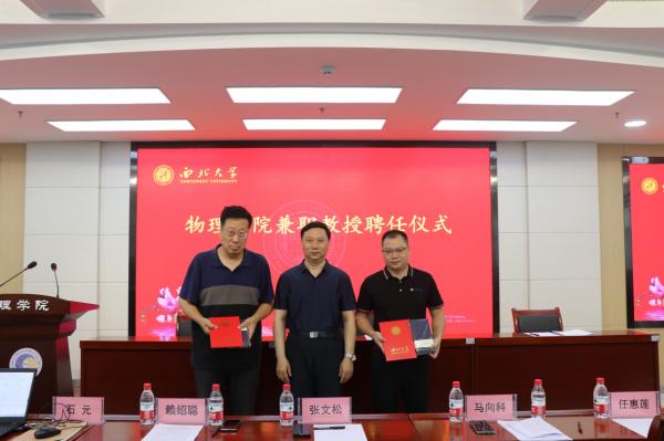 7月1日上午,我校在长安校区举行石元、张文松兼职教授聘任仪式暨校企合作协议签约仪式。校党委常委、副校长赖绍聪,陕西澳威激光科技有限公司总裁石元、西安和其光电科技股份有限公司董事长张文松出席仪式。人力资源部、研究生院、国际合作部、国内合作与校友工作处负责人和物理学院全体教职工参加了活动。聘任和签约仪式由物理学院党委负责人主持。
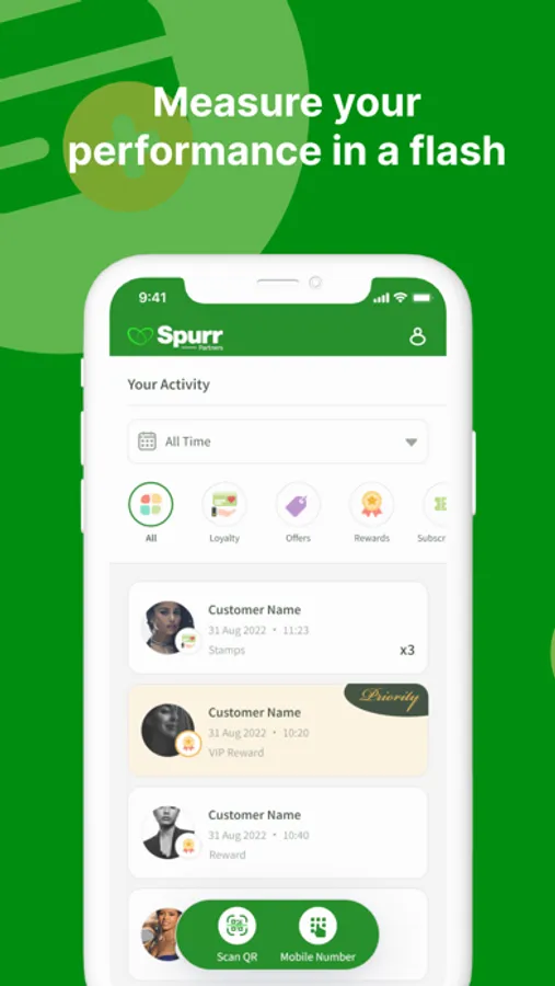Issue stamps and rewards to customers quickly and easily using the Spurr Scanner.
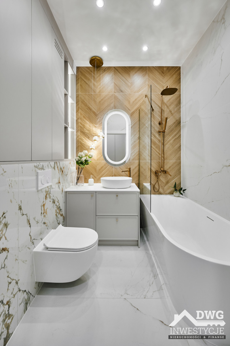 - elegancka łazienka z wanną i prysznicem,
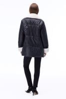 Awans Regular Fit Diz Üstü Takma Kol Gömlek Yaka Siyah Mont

______

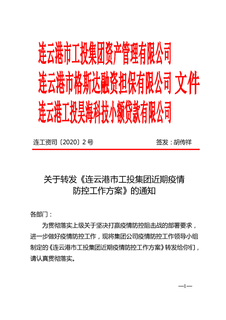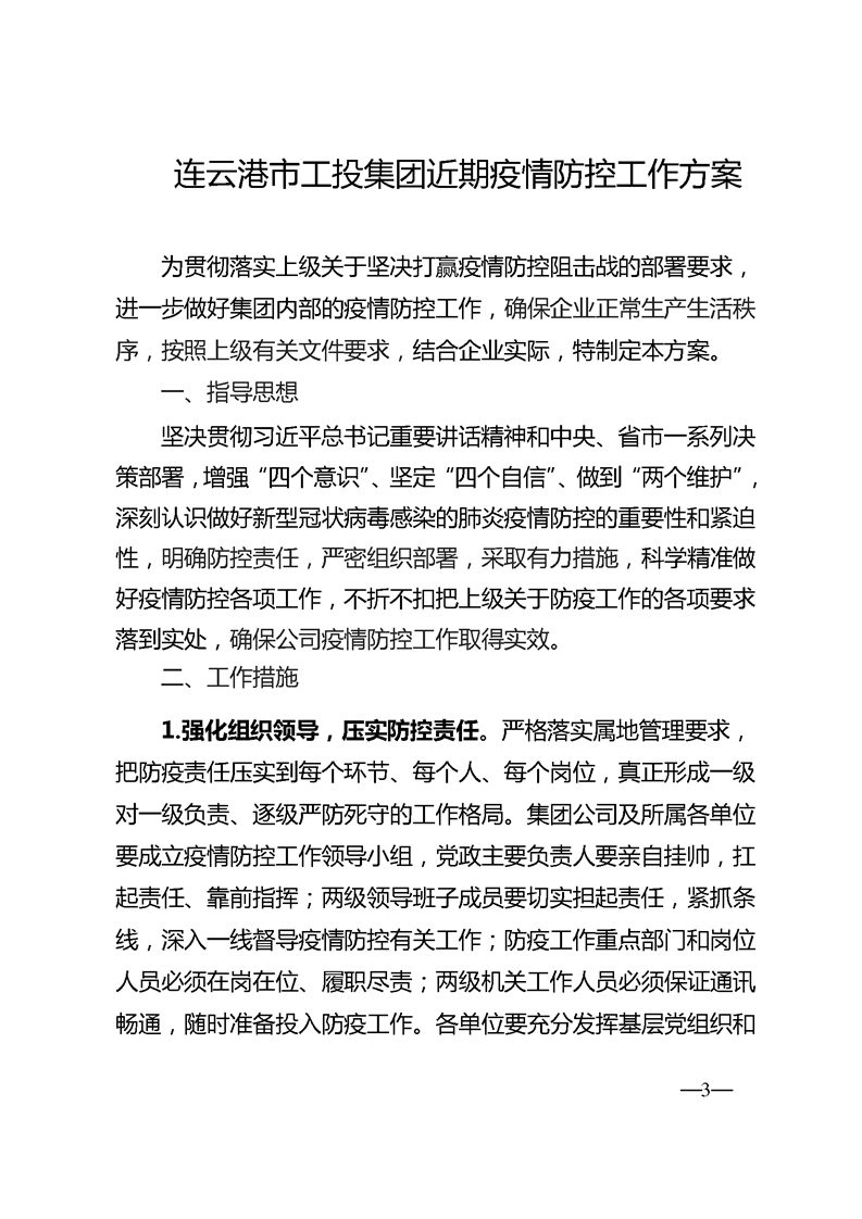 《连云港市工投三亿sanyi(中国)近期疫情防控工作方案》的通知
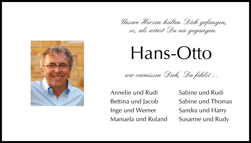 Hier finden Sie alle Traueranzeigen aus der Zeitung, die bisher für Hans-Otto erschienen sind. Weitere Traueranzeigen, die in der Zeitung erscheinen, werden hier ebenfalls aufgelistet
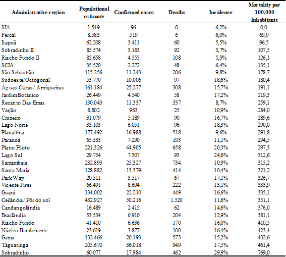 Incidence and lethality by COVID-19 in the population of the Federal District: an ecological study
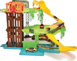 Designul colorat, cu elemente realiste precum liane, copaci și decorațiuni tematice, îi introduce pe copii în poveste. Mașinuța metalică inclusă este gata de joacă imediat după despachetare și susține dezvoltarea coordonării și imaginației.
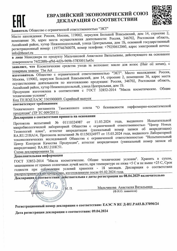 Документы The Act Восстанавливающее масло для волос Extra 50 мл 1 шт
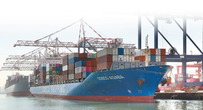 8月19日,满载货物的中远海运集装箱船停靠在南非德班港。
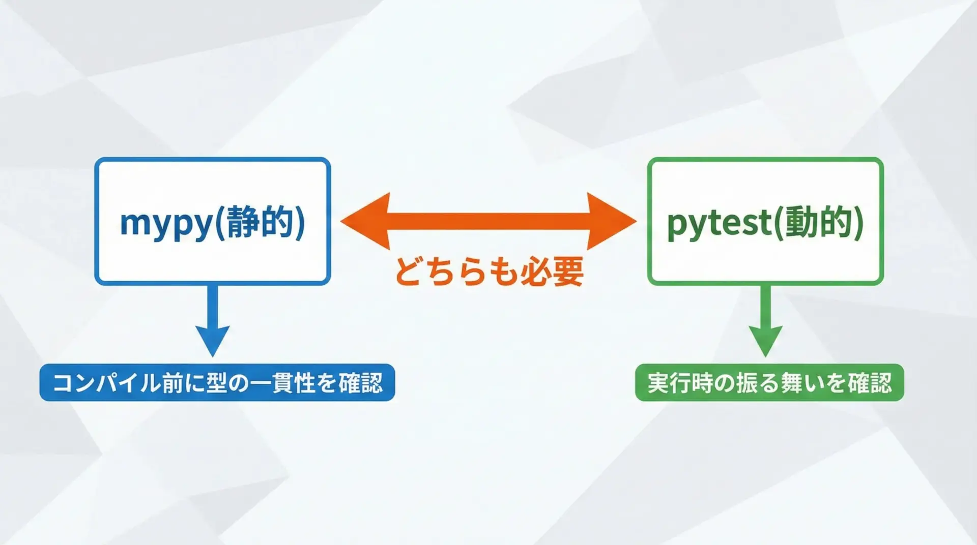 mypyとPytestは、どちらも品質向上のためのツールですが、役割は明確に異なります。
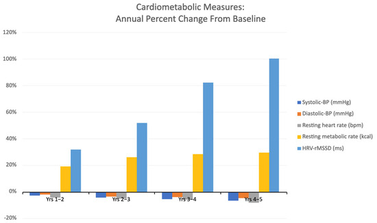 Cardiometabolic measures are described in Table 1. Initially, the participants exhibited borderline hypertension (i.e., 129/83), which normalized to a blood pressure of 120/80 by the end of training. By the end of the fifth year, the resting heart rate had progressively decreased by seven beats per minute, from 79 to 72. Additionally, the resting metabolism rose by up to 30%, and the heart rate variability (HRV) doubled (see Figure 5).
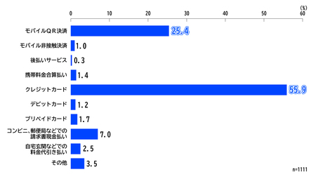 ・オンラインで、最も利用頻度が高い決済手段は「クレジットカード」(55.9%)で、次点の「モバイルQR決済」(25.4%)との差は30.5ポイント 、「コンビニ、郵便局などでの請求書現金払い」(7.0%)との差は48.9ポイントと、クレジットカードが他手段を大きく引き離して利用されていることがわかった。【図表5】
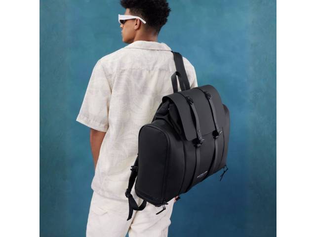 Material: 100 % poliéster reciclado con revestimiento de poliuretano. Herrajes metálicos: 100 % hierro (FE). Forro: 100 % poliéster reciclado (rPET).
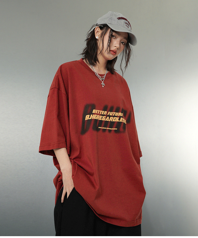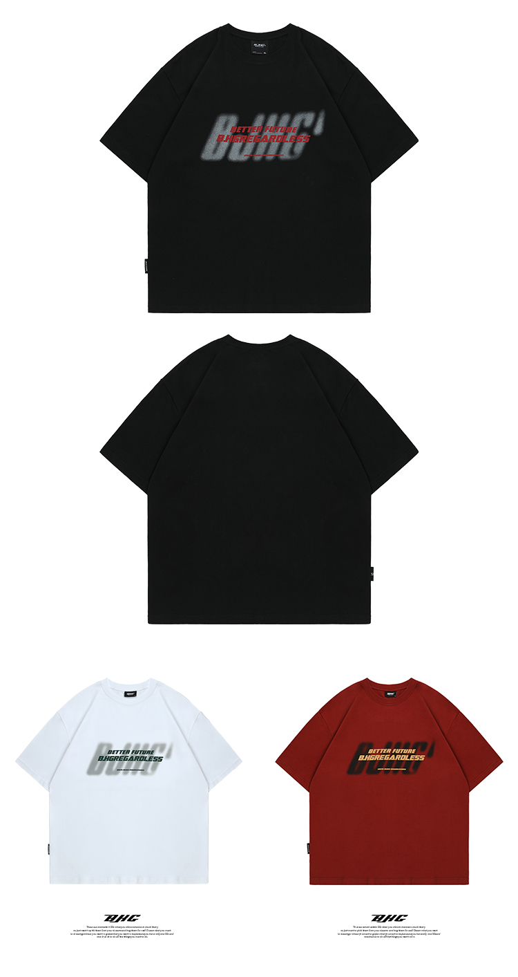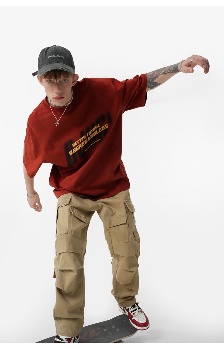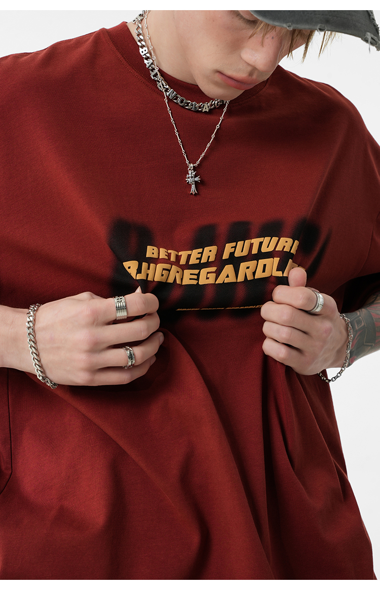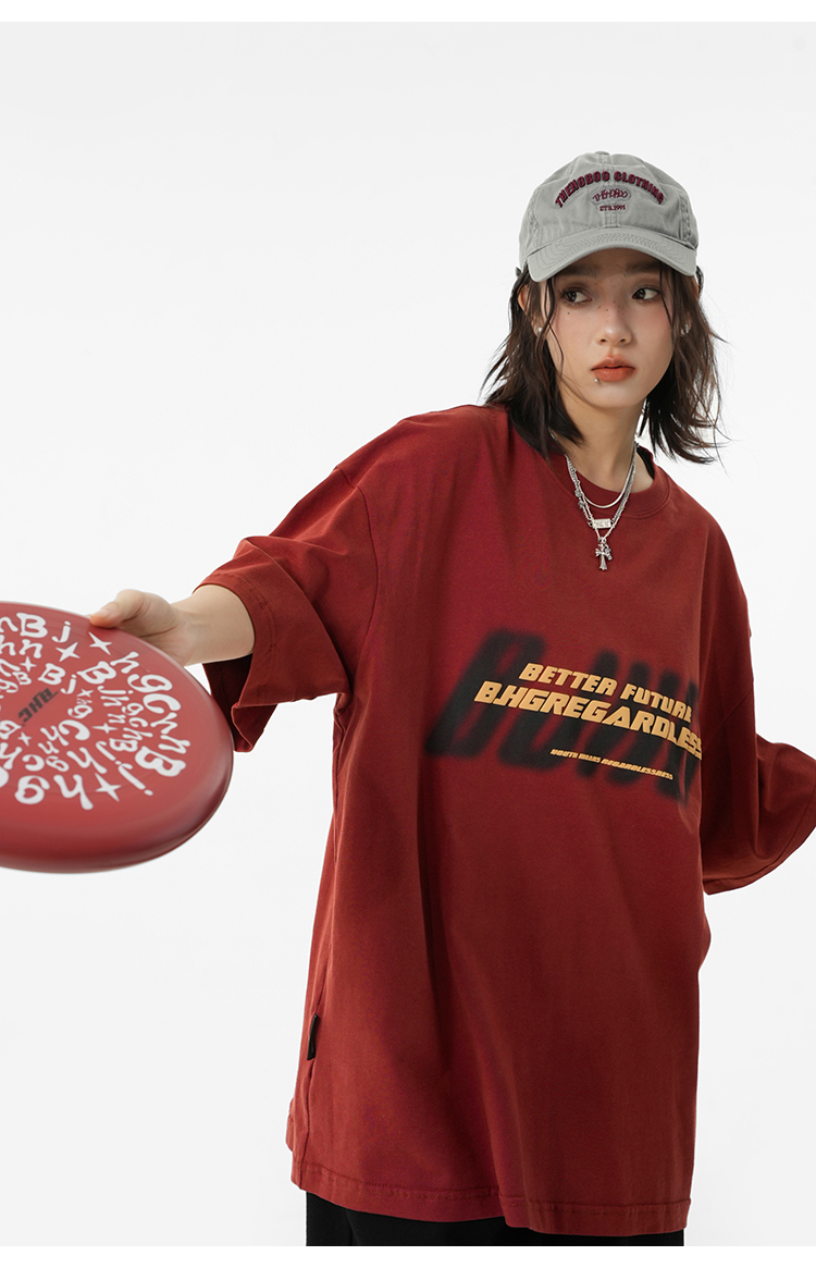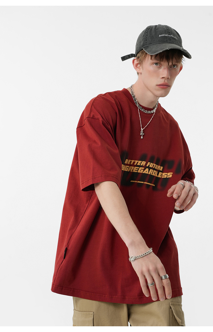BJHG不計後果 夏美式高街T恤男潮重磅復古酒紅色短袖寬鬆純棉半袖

______

What is expected – Look above for the line with "7月1日上午,我校在长安校区" and the line with "Awans Regular Fit"; set down those two lines and all lines between them exactly, without pictures and without anything else.

Answer area –
 7月1日上午,我校在长安校区举行石元、张文松兼职教授聘任仪式暨校企合作协议签约仪式。校党委常委、副校长赖绍聪,陕西澳威激光科技有限公司总裁石元、西安和其光电科技股份有限公司董事长张文松出席仪式。人力资源部、研究生院、国际合作部、国内合作与校友工作处负责人和物理学院全体教职工参加了活动。聘任和签约仪式由物理学院党委负责人主持。
Issue stamps and rewards to customers quickly and easily using the Spurr Scanner.
 - elegancka łazienka z wanną i prysznicem,
 Awans Regular Fit Diz Üstü Takma Kol Gömlek Yaka Siyah Mont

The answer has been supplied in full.